Foursquare is a platform that has always interested me. Since it’s creation I’ve been watching with a keen eye, and when it started taking off here in the UK I jumped head first into the geolocation madness that is foursquare.
Although I’m actually a theology student at Moorlands Theology College, England, I’ve always had a sharp and active interest in computing, especially electronics and server security. My dad from a toddler taught me the works of PC, from the age of 11 I had started developing websites. I was the ICT Executive for a partnership at age 15, and signed my first freelance website contract at age 17. This computing world has been so much an interest it’s been generating me some extra cash developing online systems part time whilst I’m studying my Applied Theology Degree.
Being a student in a house share, I found an every day problem could be resolved simply using foursquare; if my house mates wanted to know where I am, they could log onto foursquare. But there’s this separation of the phone and the home that I didn’t like. Why should my house mates have to get out their phone to know where I am?
That’s when the idea hit me; an analogue device that connects to foursquare could be made that sits on mantle that shows my last foursquare check-in and how long its been since I was there. With foursquare day quickly approaching, what better excuse was there to celebrate the day than to hack together a foursquare clock?
The foursquare clock is an idea I’ve been working on since around November 2011 when I took up a deeper interest in electronics. I began to think of ways in which I could bridge the digital world with the analogue world because, let’s face it, an LCD display on your mantle piece doesn’t have the same class as an old-style mantle clock.
Why do we have to have a separation of the digital and analogue? Often we hit a stumbling block; to quote Family Guy parodying The Six Million Dollar Man, “We have the technology, we just don’t have a lot of money.”
Foursquare offer an amazing service that lets you log your visits to venues across the globe, and for hackers like myself, the best asset of their service is the API. The Foursquare API allows anyone to bridge their software creations with the foursquare databases, enabling infinite possibilities. And it’s free for the standard developer.
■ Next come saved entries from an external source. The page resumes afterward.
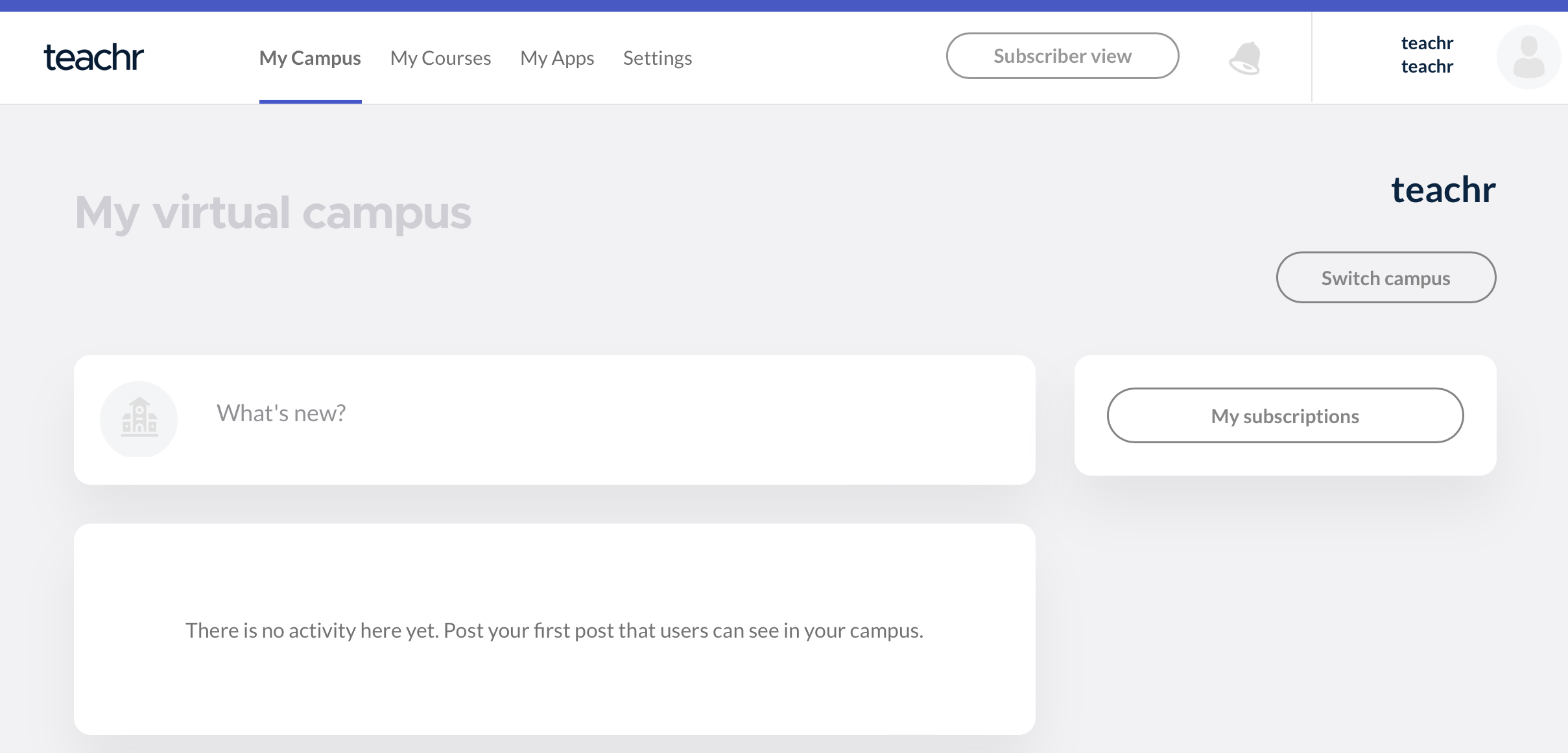 By default teacher, staff and user management is deactivated. If you are planning to use teachr for your students of your school, college or university go to Dashboard ➝ My Apps ➝ Activate the App "User management" so you can collaborate with your colleagues to create courses.
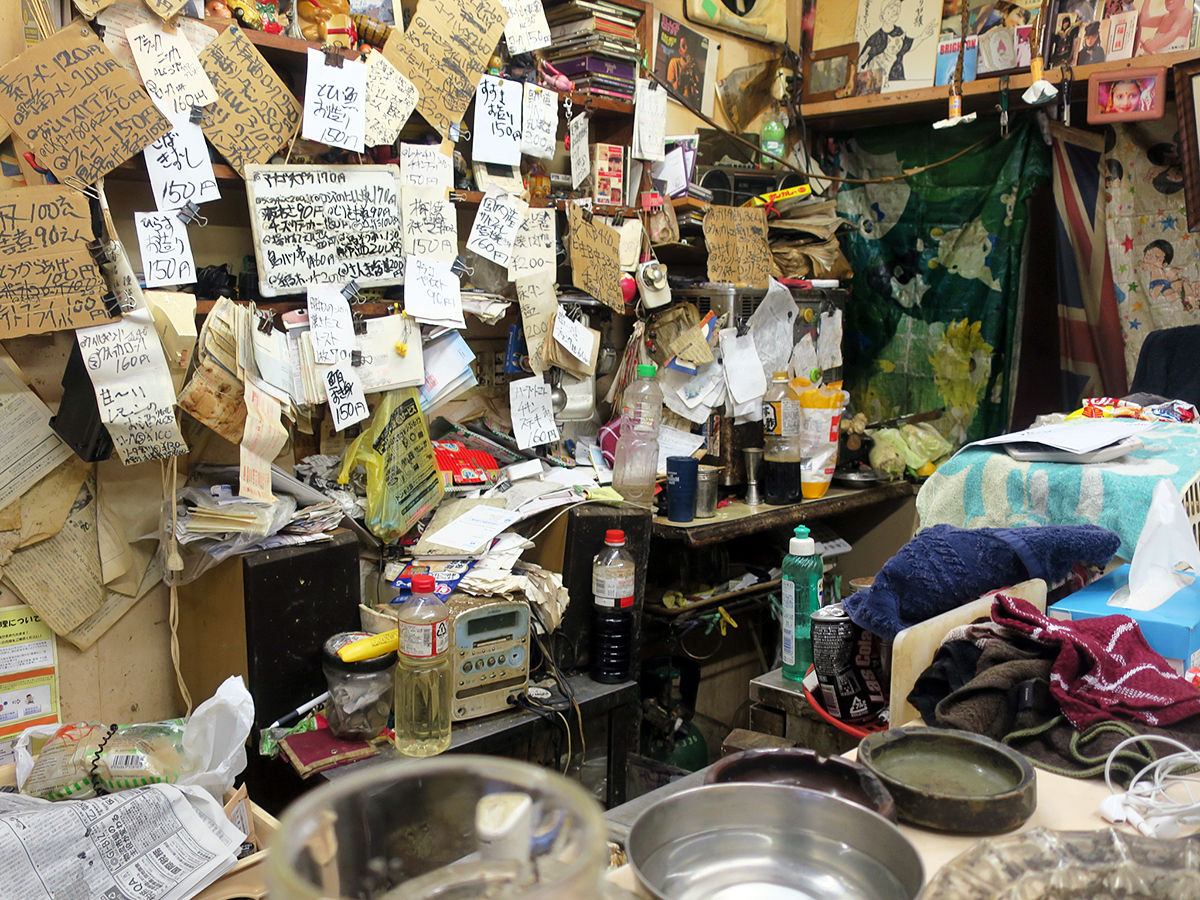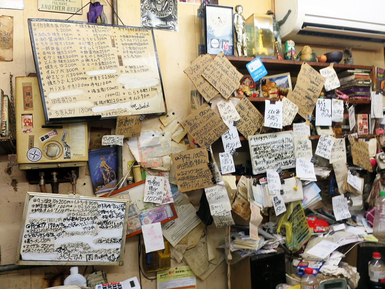 そうして入った店内の相変わらずのカオスっぷり!(笑)4〜5人?6人?ほどが座れる短いカウンターに、背後の小さなテーブル席。一体、何人ほど集客できるのだろう?
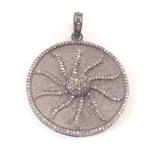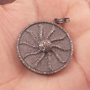 1 PC Pave Diamond Textured Sun Charm Pendant Over 925 Sterling Silver - Round Pendant 38mmX34mm PD437
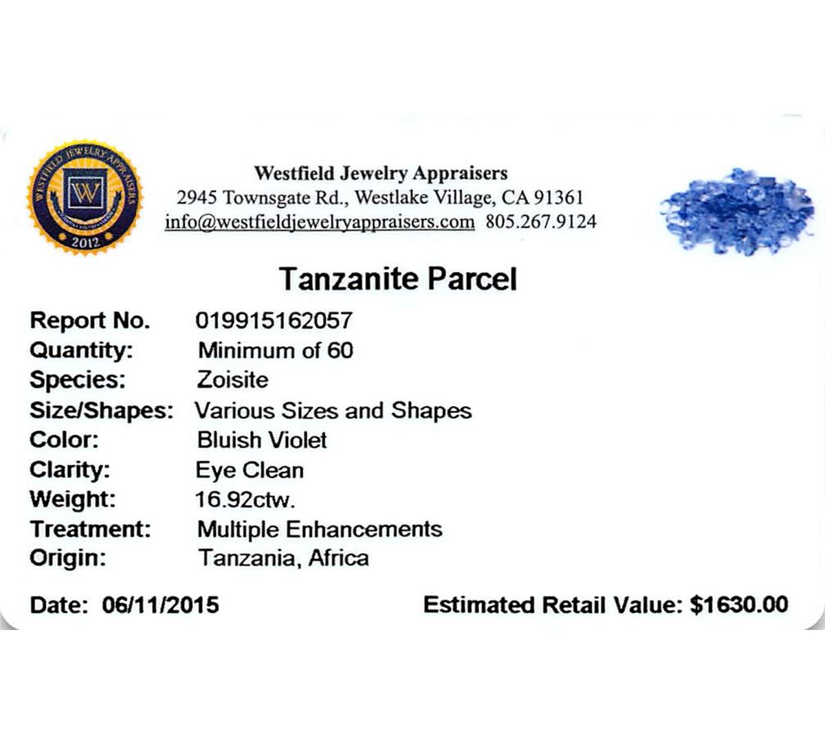 Sixty mixed cut natural tanzanites exact total weight 16.92ct., clarity is eye clean, type I, medium dark, very slightly grayish, bluish violet color, (GIA bV 6/3), cut is good. Transmitting light with no distortion, transparent. Color grade is an average for the group. Graded in the setting. Tanzanite is a very rare gemstone that is only found in the country of Tanzania. Originally discovered in 1967. Tiffany & Company, named the stone Tanzanite. It is found in the Usumburu Mountains that border the Umba Valley of northern Tanzania. Tanzanite occurs in gray, brown, violet, blue, reddish-purple, & green. The gem is interesting because of its exceptional pleochroism. Rotated in different directions a tanzanite will exhibit multiple changes of color. Tanzanite has a low tolerance to ultrasonic cleaning, and should not be cleaned using this method. Westfield Appraised at $1,630.00.
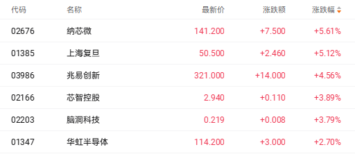截至收盘,纳芯微(02676.HK)涨5.61%、上海复旦(01385.HK)涨5.12%、兆易创新(03986.HK)涨3.89%。
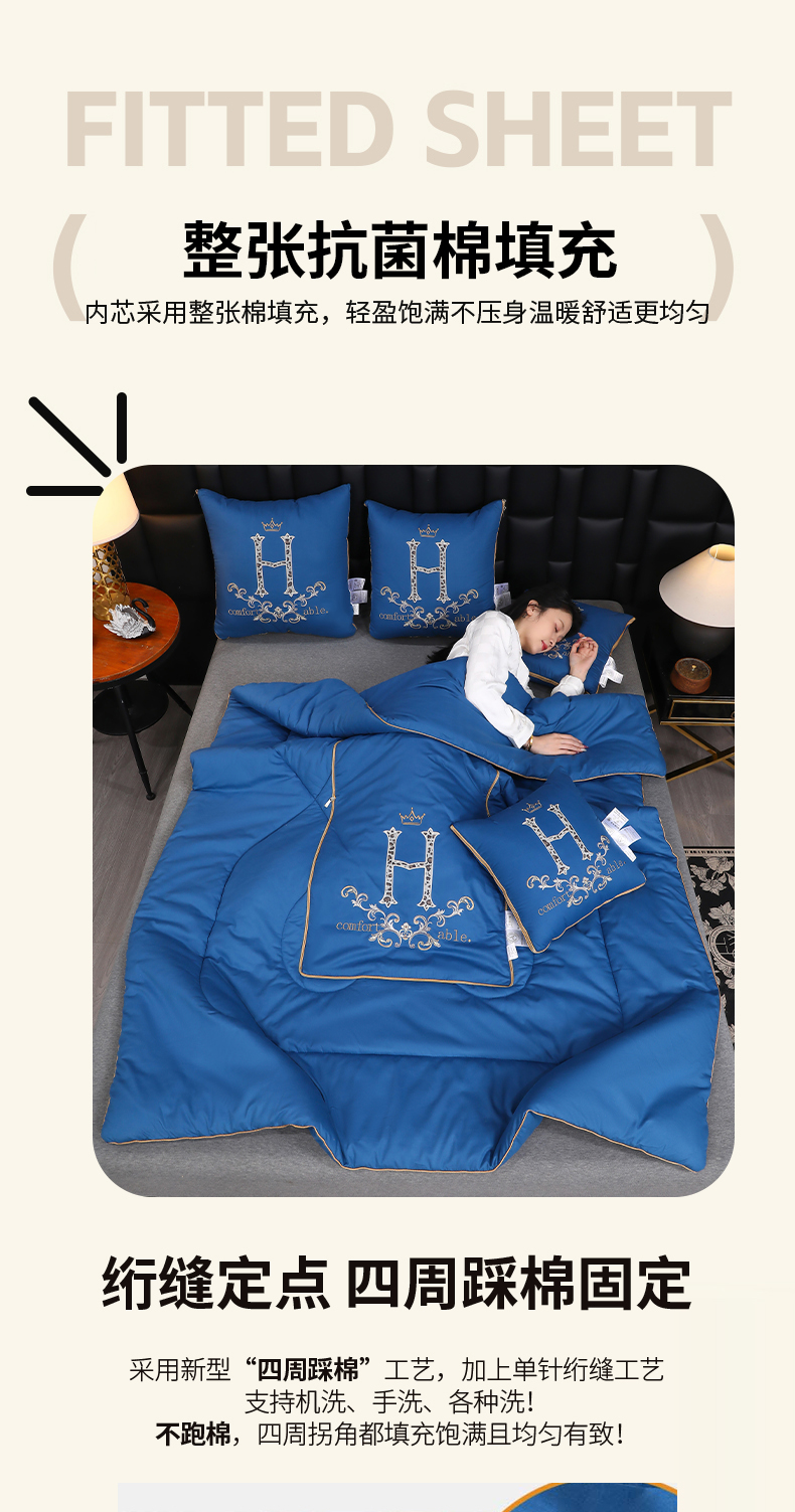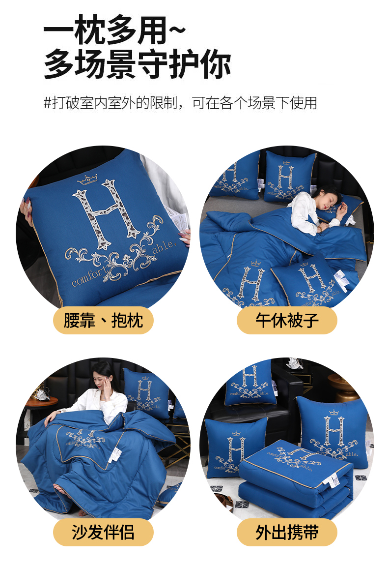 (总)照世家纺 2026新款全棉安逸H款抱枕被,孔雀蓝,咖色,深灰,浅灰,大红
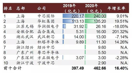 图表:2020年中国大陆前十大晶圆厂商
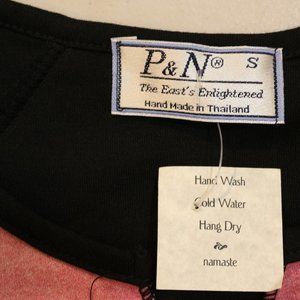 Lotus Asia print top v neck New Size S chest 30 inches round length 21.5 inches 65% polyester 35% cotton made in Thailand
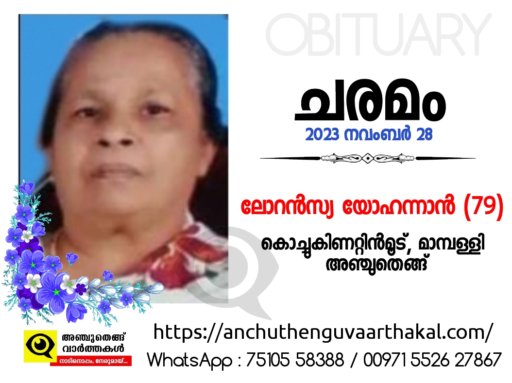 അഞ്ചുതെങ്ങ് മാമ്പള്ളി ലോറൻസ്യ യോഹന്നാൻ (ലാറി) (79) വാർദ്ധക്യ സഹജമായ അസുഖങ്ങളെ തുടർന്ന് നിര്യാതയായി.

Powering the foursquare clock is a device known as an arduino, a small and extremely cheap chunk of hardware that allows you to easily merge your electronics with an easy-to-use programming library. After learning some basic electronic computing from the guys at NerdKits a couple years ago, I acquired a arduino uno, and shortly after, a stacked ethernet shield. Having specialised in server programming, the server side of things was a breeze. It took a few months to pull it all off as I have been doing this degree; papers and flying off to Canada for a month, but now It’s finished It’s just pure awesome.
On the clock face, there are two sections. The top section shows how long, in segments of hours, since my last check-in at a favourite venue, capping at 3 hours. The bottom section shows an array of eight of, what I consider, my favourite venues, such as: home, library, university, the pub and church. When I check into one of these favourite venues within a few seconds the top hand resets to zero, and the bottom hand moves to the correct venue icon. As time progresses, so does the top-hand on the clock face.